**DATA EXCERPT**
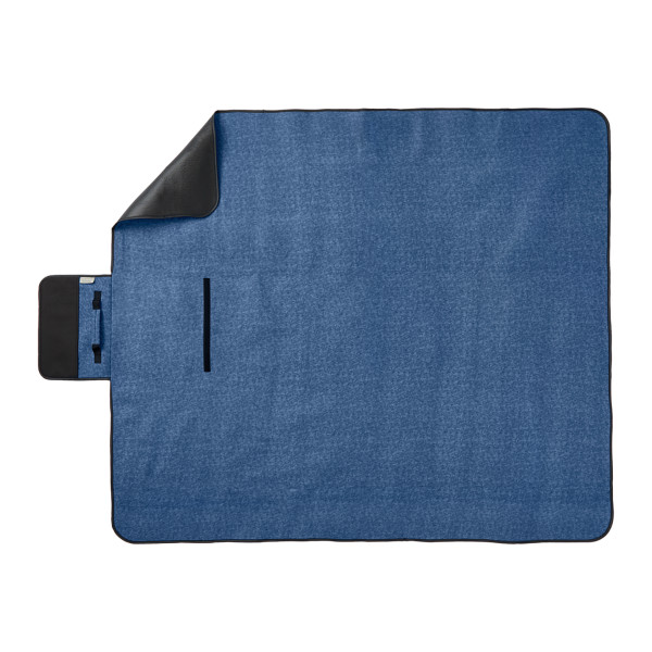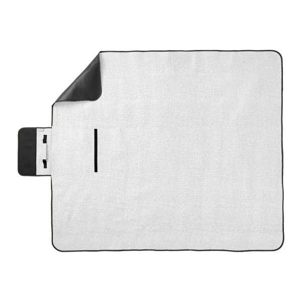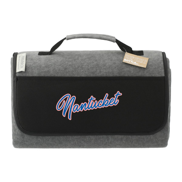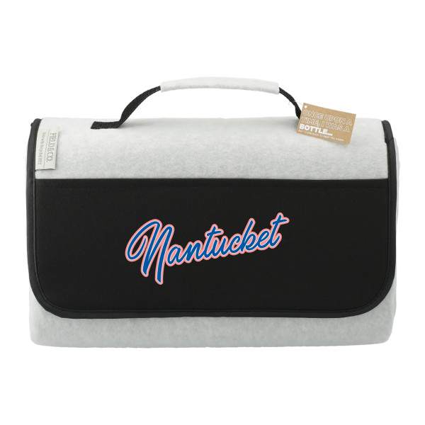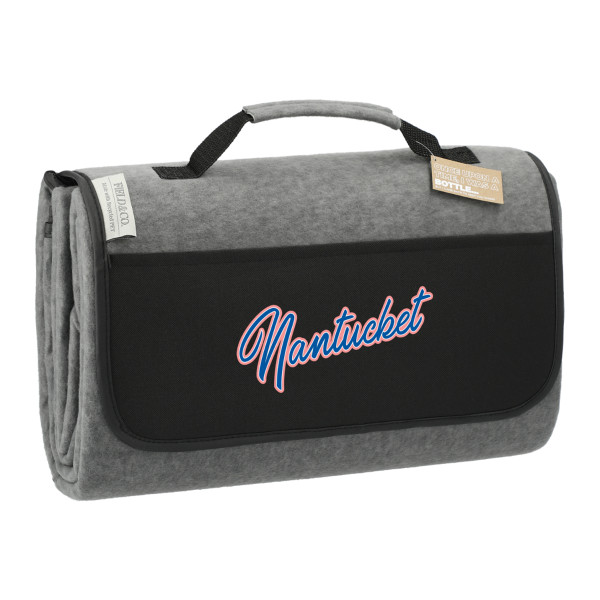 This blanket features a soft fleece backing made from 100% recycled PET materials and a moisture resistant backing.
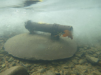 作為其“監(jiān)測天然氣發(fā)展”計(jì)劃的一部分,在特拉華州和Lackawaxen河流和在賓夕法尼亞州兩個(gè)小溪哪里鉆很可能發(fā)生的DRBC的監(jiān)控,建模與評估處已經(jīng)部署HOBO®U24電導(dǎo)率和溫度記錄儀第一。低調(diào)的混凝土基地,構(gòu)建由混凝土澆筑成一個(gè)飛碟雪橇記錄儀的安裝。兩個(gè)短鋁管從混凝土基座突出部分,和具有孔的橫PVC管位于固定到基座容納傳感器,它被固定用拉鏈的關(guān)系。在PVC管內(nèi)的傳感器的位置最小化氣泡以及沉積物可能在傳感器否則積聚。
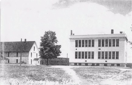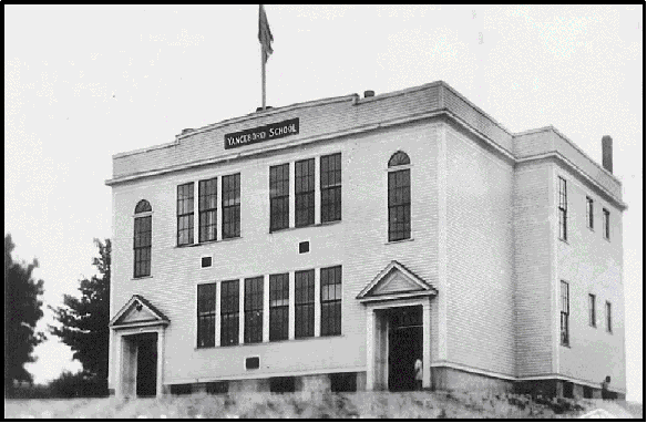 The back of the Vanceboro school. The Knights of Pythias Hall is to the left, across Third Street. The hall was used for community events as well as school dances and basketball games.
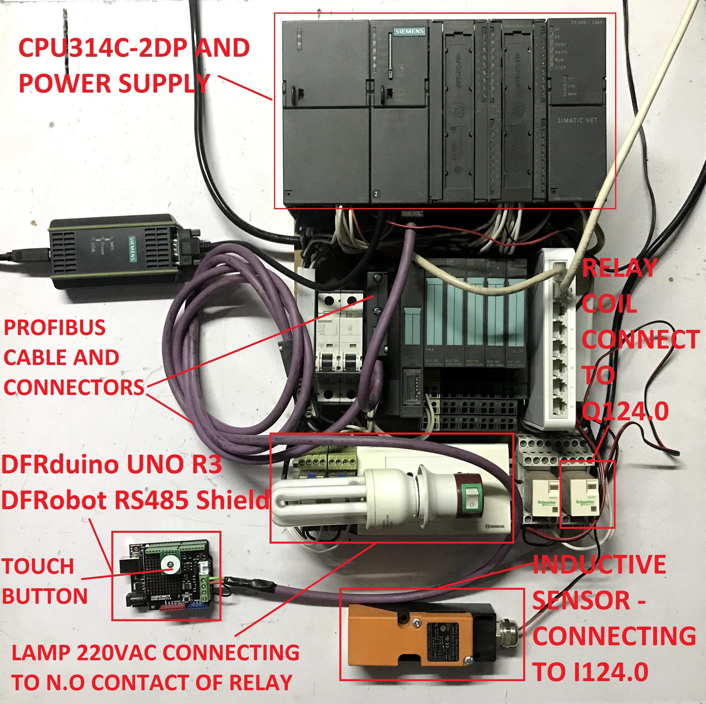 - Touch button is connected to Arduino plus RS485 shield and send the command to PLC S7-300 via Profibus-DP network at Virtual Input I0.0

**AIM OF THE TASK**
Return the complete material exactly as it appears, without images.

**RESPONSE**
 This blanket features a soft fleece backing made from 100% recycled PET materials and a moisture resistant backing.
 作為其“監(jiān)測天然氣發(fā)展”計(jì)劃的一部分,在特拉華州和Lackawaxen河流和在賓夕法尼亞州兩個(gè)小溪哪里鉆很可能發(fā)生的DRBC的監(jiān)控,建模與評估處已經(jīng)部署HOBO®U24電導(dǎo)率和溫度記錄儀第一。低調(diào)的混凝土基地,構(gòu)建由混凝土澆筑成一個(gè)飛碟雪橇記錄儀的安裝。兩個(gè)短鋁管從混凝土基座突出部分,和具有孔的橫PVC管位于固定到基座容納傳感器,它被固定用拉鏈的關(guān)系。在PVC管內(nèi)的傳感器的位置最小化氣泡以及沉積物可能在傳感器否則積聚。
 The back of the Vanceboro school. The Knights of Pythias Hall is to the left, across Third Street. The hall was used for community events as well as school dances and basketball games.
 - Touch button is connected to Arduino plus RS485 shield and send the command to PLC S7-300 via Profibus-DP network at Virtual Input I0.0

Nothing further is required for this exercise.